Note that the shape of the acoustically closed surface formed by the microphones or the speakers is not particularly limited as long as it is a three-dimensional shape surrounding the user, and, as shown in FIG. 4 , examples of the shape may include an acoustically closed surface 40-1 having an oval shape, an acoustically closed surface 40-2 having a columnar shape, and an acoustically closed surface 40-3 having a polygonal shape. The examples illustrated in FIG. 4 show as examples the shapes of the acoustically closed surfaces formed by a plurality of speakers 20B-1 to 20B-12 arranged around the user B in the site B. The examples also apply to the shapes of the acoustically closed surfaces formed by the plurality of microphones 10.

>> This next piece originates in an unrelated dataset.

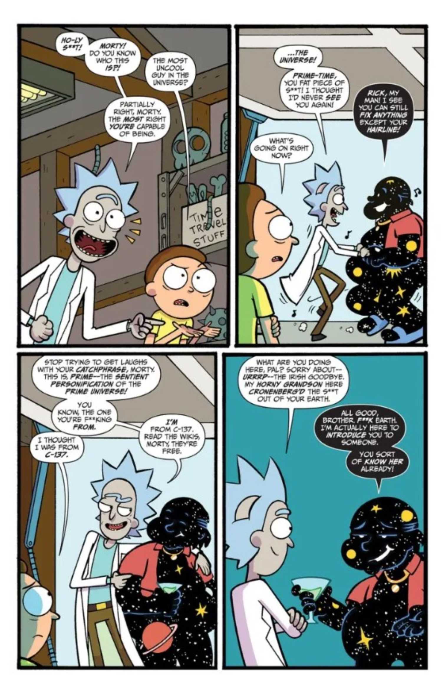 Rick y Morty contra el universo #1 comienza con Rick reuniéndose con su viejo amigo Dimension C-137. Este amigo revela que ha conocido su vida media universal y está a punto de casarse con la encarnación del presentador femenino de la dimensión parmesana. Naturalmente, quiere la mejor fiesta de soltero, y Rick está más que feliz de cumplir.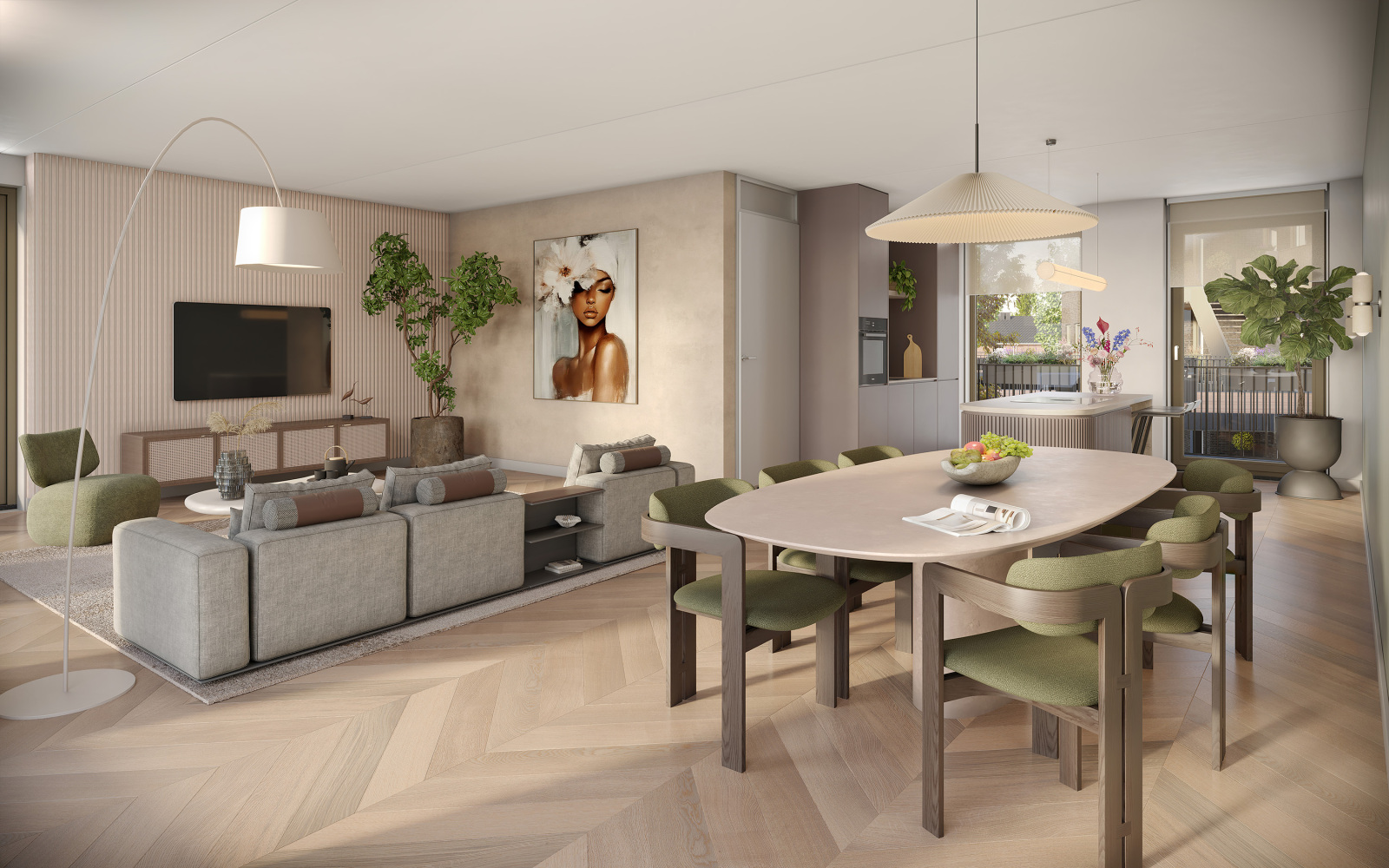 Deze online presentatie en eventuele bijlagen zijn samengesteld op basis van de ons bekende gegevens en afbeeldingen. Samen met de artist impressies geven ze een indruk van de toekomstige situatie. Ze pretenderen geen exacte weergave te zijn van het uiteindelijke product. Rechten kunnen dan ook niet aan deze presentatie of bijlagen worden ontleend. Eventueel genoemde of getoonde afmetingen zijn indicatief.

(Microphone Position Information DB)
The microphone position information DB 15 is a storage unit that stores position information of the plurality of microphones 10 arranged at the site. The position information of the plurality of microphones 10 may be registered in advance.
(User Position Estimating Unit)
The user position estimating unit 16 has a function of estimating the user's position. Specifically, the user position estimating unit 16 estimates the user's relative position to the plurality of microphones 10 or the plurality of speakers 20 on the basis of the analysis result of the sounds acquired by the plurality of microphones 10, the analysis result of the captured images obtained by the image sensors, or the detection result obtained by the human sensors. The user position estimating unit 16 may acquire Global Positioning System (GPS) information and may estimate the user's absolute position (current position information).
(Recognizing Unit) The recognizing unit 17 analyzes the user's voice on the basis of the audio signals which are acquired by the plurality of microphones 10 and then processed by the signal processing unit 13, and recognizes a command. For example, the recognizing unit 17 performs morphological analysis on the voice of the user “I'd like to speak with B,” and recognizes a call origination request command on the basis of the given target “B” that is designated by the user and the request “I'd like to speak with.”
(Identifying Unit)
The identifying unit 18 has a function of identifying the given target recognized by the recognizing unit 17. Specifically, for example, the identifying unit 18 may decide the access destination information for acquiring a voice and an image corresponding to the given target. For example, the identifying unit 18 may transmit information representing the given target to the management server 3 through the communication I/F 19, and acquire the access destination information (for example, IP address) corresponding to the given target from the management server 3.
(Communication I/F)
The communication I/F 19 is a communication module for transmitting or receiving data to or from another signal processing apparatus or the management server 3 via the network 5. For example, the communication I/F 19 according to the present embodiment sends a query for access destination information corresponding to the given target to the management server 3, and transmits the audio signal which is acquired by the microphone 10 and then processed by the signal processing unit 13 to another signal processing apparatus which is an access destination.
(Speaker Position Information DB)
The speaker position information DB 21 is a storage unit that stores position information of the plurality of speakers 20 arranged at the site. The position information of the plurality of speakers 20 may be registered in advance.
(DAC/Amplifying Unit)
The DAC/amplifying unit 23 has a function (DAC) of converting the audio signals (digital data), which are written in the output buffers of the channels, to be respectively reproduced through the plurality of speakers 20 into acoustic waves (analog data). In addition, the DAC/amplifying unit 23 has a function of amplifying acoustic waves reproduced from the plurality of speakers 20, respectively.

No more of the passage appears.